La petite histoire
Au milieu de la Seconde Guerre mondiale, le Dr Giuseppe Brotzu, un hygiéniste italien, est envoyé en Sardaigne pour travailler sur le paludisme, qui à cette époque est endémique sur cette île. Il a aussi pour mission de suivre l’évolution de l’épidémie de fièvre typhoïde (due à Salmonella typhi) dans la région de Cagliari, une pathologie résistante à la pénicilline G découverte par Alexander Flemming en 1928.
Avec son chef de service, le Pr Donato Ottolenghi, il s’interroge sur la différence d’incidence de l’infection selon des quartiers de la ville. En effet, il semble que la maladie n’est pas répartie de façon homogène et que les pêcheurs, qui pourtant sont en contact avec les eaux contaminées, ne sont pas tous atteints. Il imagine que le pathogène n’est plus actif lorsqu’il est dilué dans l’eau de mer.
Pour définir le degré de dilution nécessaire, il effectue des prélèvements au sein des rivières, des évacuations d’eaux usées et de différents points de la côte environnante.
Il est surpris par l’existence de « taches vierges » dans certaines des boîtes de Petri : mise en contact avec certains prélèvements, la bactérie ne se multiplie pas.
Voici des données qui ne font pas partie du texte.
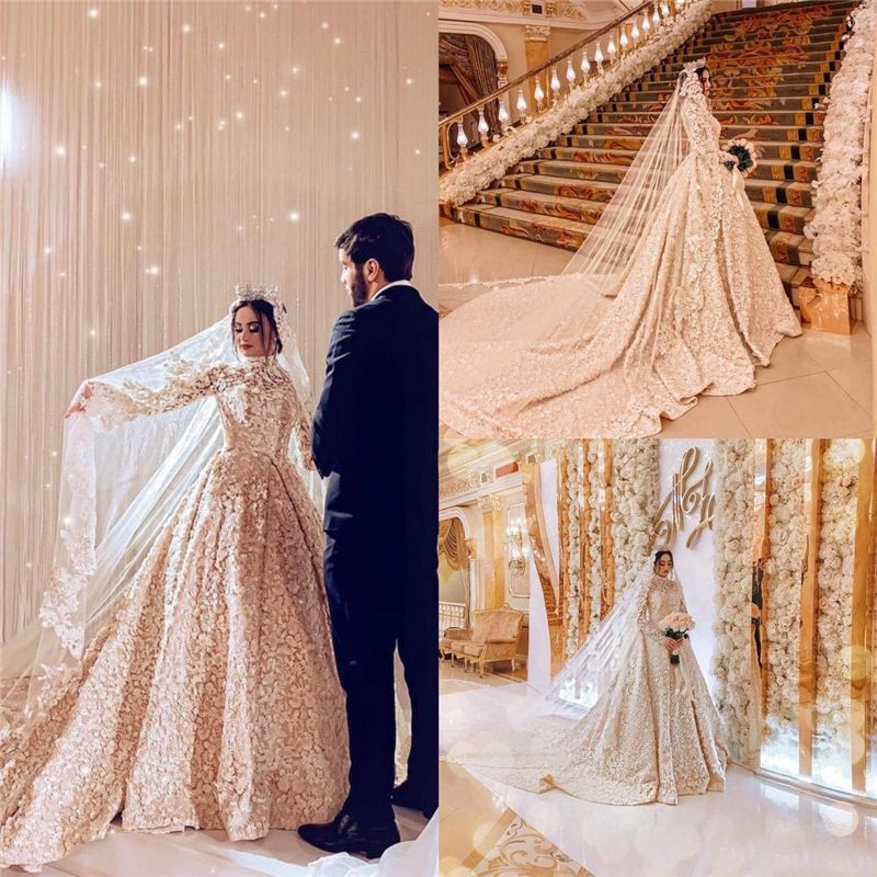 Discount Luxurious Arabic Muslim Wedding Dresses 2019 3d Floral Flowers High Neck Long Sleeve Bridal Gowns Conservative Wedding Gowns Dress Dresses
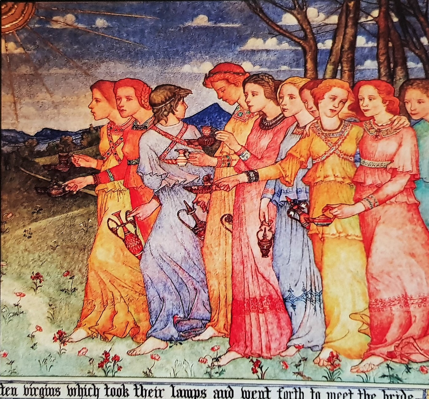 **** “Then the Kingdom of Heaven will be like ten virgins, who took their lamps, and went out to meet the bridegroom. Five of them were foolish, and five were wise. Those who were foolish, when they took their lamps, took no oil with them, but the wise took oil in their vessels with their lamps. Now while the bridegroom delayed, they all slumbered and slept. But at midnight there was a cry, “Behold! The bridegroom is coming! Come out to meet him!” Then all those virgins arose, and trimmed their lamps. The foolish said to the wise, “Give us some of your oil, for our lamps are going out.” But the wise answered, saying, “What if there isn’t enough for us and you? You go rather to those who sell, and buy for yourselves.” While they went away to buy, the bridegroom came, and those who were ready went in with him to the marriage feast, and the door was shut. Afterward the other virgins also came, saying, “Lord, Lord, open to us.” But he answered, “Most certainly I tell you, I don’t know you.” Watch therefore, for you don’t know the day nor the hour in which the Son of Man is coming.” Matthew 25:1-13

Cette constatation l’incite à rechercher la présence d’éléments particuliers dans l’eau. C’est ainsi qu’il découvre une moisissure aquatique qui sécréte une substance antibiotique active sur le bacille typhique : la « mycétine » renommée plus tard céphalosporine C lorsque le micro-organisme sera classifié Cephalosporium acremonium. Le spectre d’activité se révèle différent et complémentaire de celui de la pénicilline.
Pour prouver l’efficacité de cette substance – et comme c’est habituel à l’époque –, il s'auto-inocule Salmonella thyphi et en est guéri grâce à la « mycétine ». Entre 1943 et 1945, il recherche des financements pour produire l’antibiotique qu’il a découvert, mais la période est difficile pour les chercheurs en Italie.
Et après ?
Lorsque les forces britanniques d’occupation ont pris place en Sardaigne, un officier, ancien chercheur, venait passer quelques-unes de ses heures libres au laboratoire de Cagliari « pour garder la main ». C’est grâce à cet intermédiaire que des prélèvements sont parvenus au Pr Howard Florey, à Oxford.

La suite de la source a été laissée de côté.